Data Security in the AWS Cloud

Key Keeper

© Lead Image © Kirill Makarov, 123rf, 123RF.com

© Lead Image © Kirill Makarov, 123rf, 123RF.com

Author(s):

As a cloud market leader, Amazon Web Services has had to  put a great deal of thought into data security. Encryption options and key management play an important role.

You've probably seen T-shirts emblazoned with "There is no cloud; it's just someone else's computer." This skepticism results from the management policy of quickly outsourcing as many IT services as possible, with the sole focus on efficiency and cost savings. As a result, data security becomes a secondary feature that the shrinking IT department must somehow guarantee.

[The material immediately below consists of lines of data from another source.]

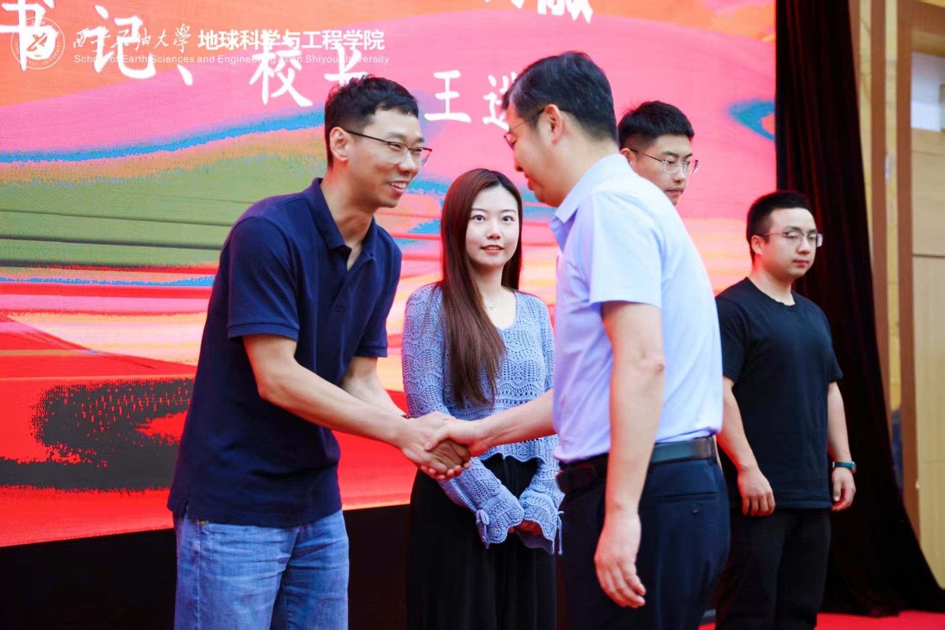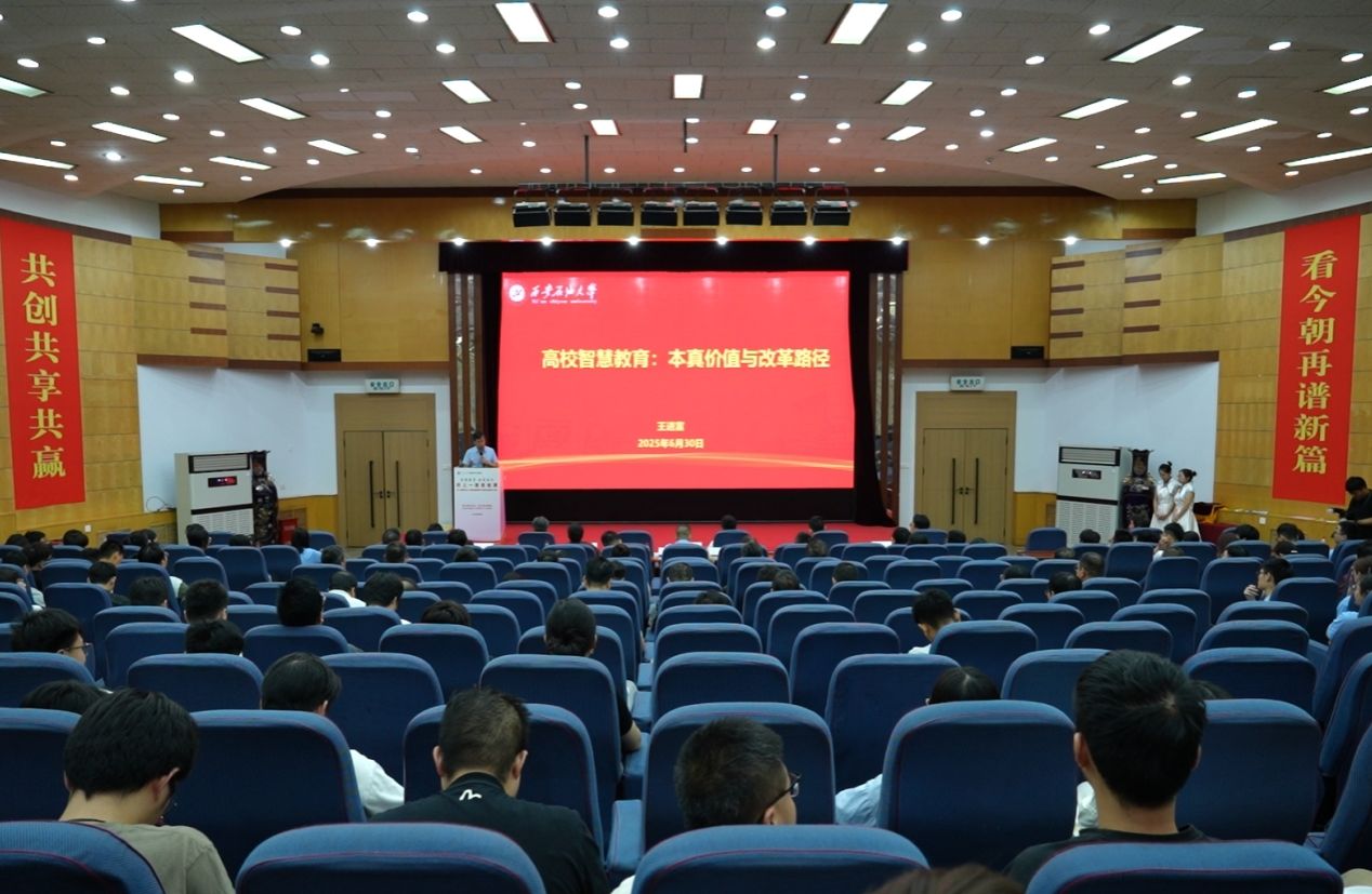 专题党课强作风,智慧赋能育新人。在专题党课环节,王进富以《锲而不舍落实中央八项规定精神 推进作风建设常态化长效化》为题,系统阐述开展学习教育的重大意义和中央八项规定精神的核心要义,深入剖析作风建设的新形势新要求,强调以高度的政治自觉和行动自觉推进作风建设,切实把纪律要求转化为日常习惯,持续营造风清气正的校园政治生态。在讲授思政课时,王进富以《高校智慧教育:本真价值与改革路径》为题,从“怎么想、怎么看、怎么干”三个层面展开深入阐释,为师生带来了一场深刻的思想启迪。他强调,智慧是教育的永恒追求,智慧教育为实现这一追求创造条件,是回归教育本真的关键。当前高等教育面临深度转型,地学发展尤为重要,智慧教育成为全球共识且已具备实施基础,教育主体亟需主动变革。要坚定数智赋能,通过重塑智慧办学新理念、构建智慧办学新体系、构建智慧办学新校园、升级智慧教育新环境、构建智慧教育新范式、促进智慧管理新体系,建设以员工为中心、以教师为根基、有感情有温度的智慧西石大,不负智能时代与育人使命。
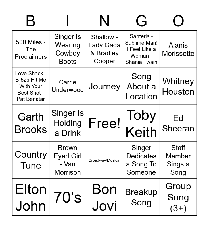 This bingo card has a free space and 81 words: Sweet Caroline - Neil Diamond, Tennessee Whiskey - Chris Stapleton, Shallow - Lady Gaga & Bradley Cooper, Friends In Low Places - Garth Brooks, Don’t Stop Believin’ - Journey, Dreams - Fleetwood Mac, What’s Up - 4 Non Blondes, Goodbye Earl - The Chicks, I Want It That Way - Backstreet Boys, Wagon Wheel - Darius Rucker, Zombie - The Cranberries, Jolene - Dolly Parton, Santeria - Sublime Man! I Feel Like a Woman - Shania Twain, 500 Miles - The Proclaimers, Dancing Queen - ABBA, Love Shack - B-52s Hit Me With Your Best Shot - Pat Benatar, Baby Got Back - Sir Mix-a-Lot, Brown Eyed Girl - Van Morrison, Sweet Child o’ Mine - Guns N’ Roses, Ed Sheeran, Adele, Alanis Morissette, Garth Brooks, Journey, Carrie Underwood, Brooks & Dunn, Queen Fleetwood Mac Johnny Cash, Elvis, Shania Twain, Dixie Chicks, Whitney Houston, Jimmy Buffet, Bon Jovi, Reba McIntire, Elton John, Toby Keith, Billy Joel, Pat Benatar, Singer is a Kid, Duet, Group Song (3+), Singer Has Glasses, Singer Has a Beard, Singer Has Visible Tattoos, Singer Is Holding a Drink, Singer Is Wearing a Hat, Singer Is Wearing Cowboy Boots, Singer Stops Singing/Gets Lost, Singer Ad-Libs/Changes Words, Singer Plays an Air Instrument, Singer Dedicates a Song To Someone, Staff Member Sings a Song, Reluctant Singer: Signed Up By a Friend, Crowd Politely Claps, Crowd Enthusiastically Claps, Crowd Sings Along, Someone Starts Dancing, Someone Whistles, Someone Says “I LOVE THIS SONG!” Someone Says “I hate this song!”, Disney, Broadway/Musical, Power Ballad, Boy Band, Hair Band, 50’s/60’s, One Hit Wonder, Rap Song, Classic Rock Song Alt Rock Song, Pop Song, Female Rocker, Punk Rock Hit, Country Tune, 70’s, 80’s, 90’s, 00’s, Love Song, Breakup Song, Party Anthem, Song About a Location and Song About Drinking.
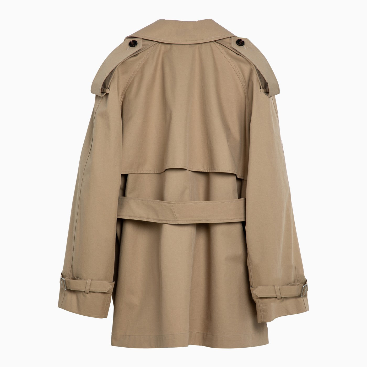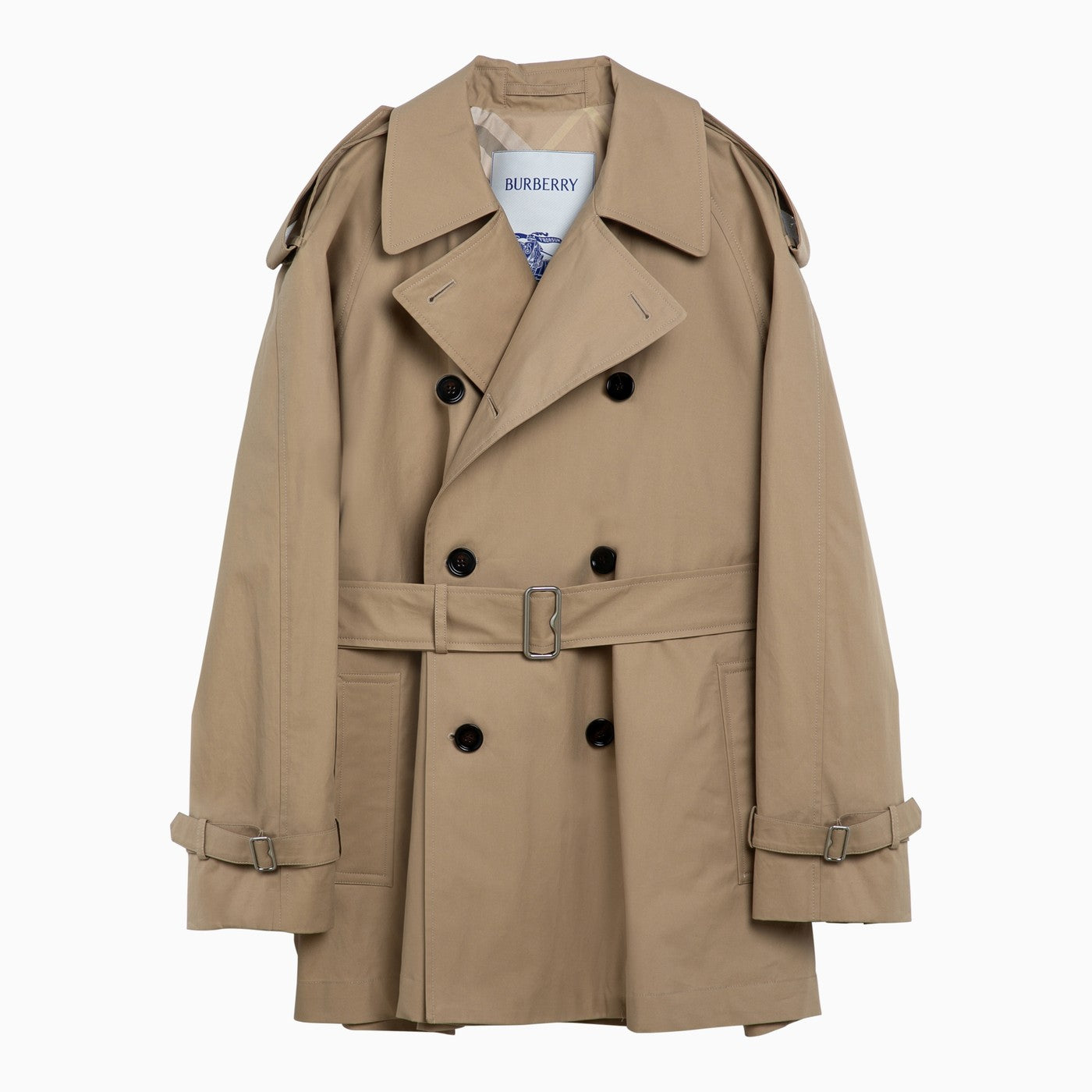 Beige cotton short double-breasted trench coat from Burberry featuring a pointed collar, long sleeves, a front button placket, a belted waist, shoulder insignia and cuff straps.

Admins who simply run their applications in the cloud run the financially significant risk of violating the General Data Protection Regulation (GDPR), for example, if they store unprotected personal data on servers outside the European Union. However, the online bank N26, which runs entirely in Amazon Web Services (AWS), has passed an audit by the German regulator BaFin (in this respect), showing that it is feasible to operate cloud services compliant with strict rules.

In addition to the choice of the run-time environment (configured as the "region" on AWS and other cloud providers), there are several options for encrypting data for cloud storage. At the last AWS Summit in Berlin, the CTO of AWS, Werner Vogels wore a T-shirt that advocated "Encrypt Everything." If encryption is the answer, then who has access to the keys and where are they kept?

Who Can Do What?

The first question for data security in the cloud concerns read and write permissions. This issue raises its head whenever you deploy any type of IT service and starts with user management. Weaving a complex structure of authorizations that define which user can access which data, servers, and other resources can be a Sisyphean task, with changes occurring constantly in IT operations.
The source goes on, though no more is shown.